Is a great way to get everyone killed.
We, in the west love to tout how our diversity and free thinking makes us better than those who do not have those values. What I saw were a bunch of countries that wished they could rule the populace in the same manner as China and Saudi Arabia.
If we can not uphold our values when we face difficulties, then they are not values.
You speak of martial law and preventing chaos. Envision the outcry and response if Trump had enacted such a policy in early February when members of the Democratic Party were encouraging people to gather in crowds to show support for Chinese New Year?
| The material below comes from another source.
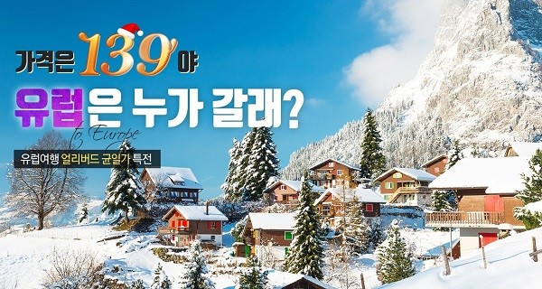 이번 ‘가격은 139야 유럽은 누가갈래?’는 2019년 11월부터 2020년 3월까지 겨울철 유럽여행을 비싼 가격이 아닌 일정한 가격인 139만원으로 제공하는 얼리버드 특가 이벤트이다. 총 10개 상품이 마련돼 있으며 항공권, 숙박이 모두 포함된 균일가로 다녀올 수 있다.

While there's plenty of blame to go around for the government's disinformation campaign, never forget that the entire cast of FauxNews personalities were decrying the initial cautionary stance as a politically motivated hoax and then turned around and changed their tune when it didn't turnout to be a dud like SARS 1.0.
I'm not so sure. To me it seems people just could not stand masks to the point it actually created ongoing planetary scale mental health crisis. :shrug:.
> That even though the government is wrong a lot, sometimes they're right about important things
They weren't right during the pandemic though. From initially refusing to acknowledge the situation to lying and cohercing people into taking untested injections whose side effects on the population remain unknown, and of course censoring and character assassinating anyone who dared rise any objections against its conduct. And lets not forget actively avoiding finding out the origin of the virus because it wasn't politically convenient during an election year.
In this context, do you consider "even though the government is wrong a lot, sometimes they're right about important things" more informative than misinformative?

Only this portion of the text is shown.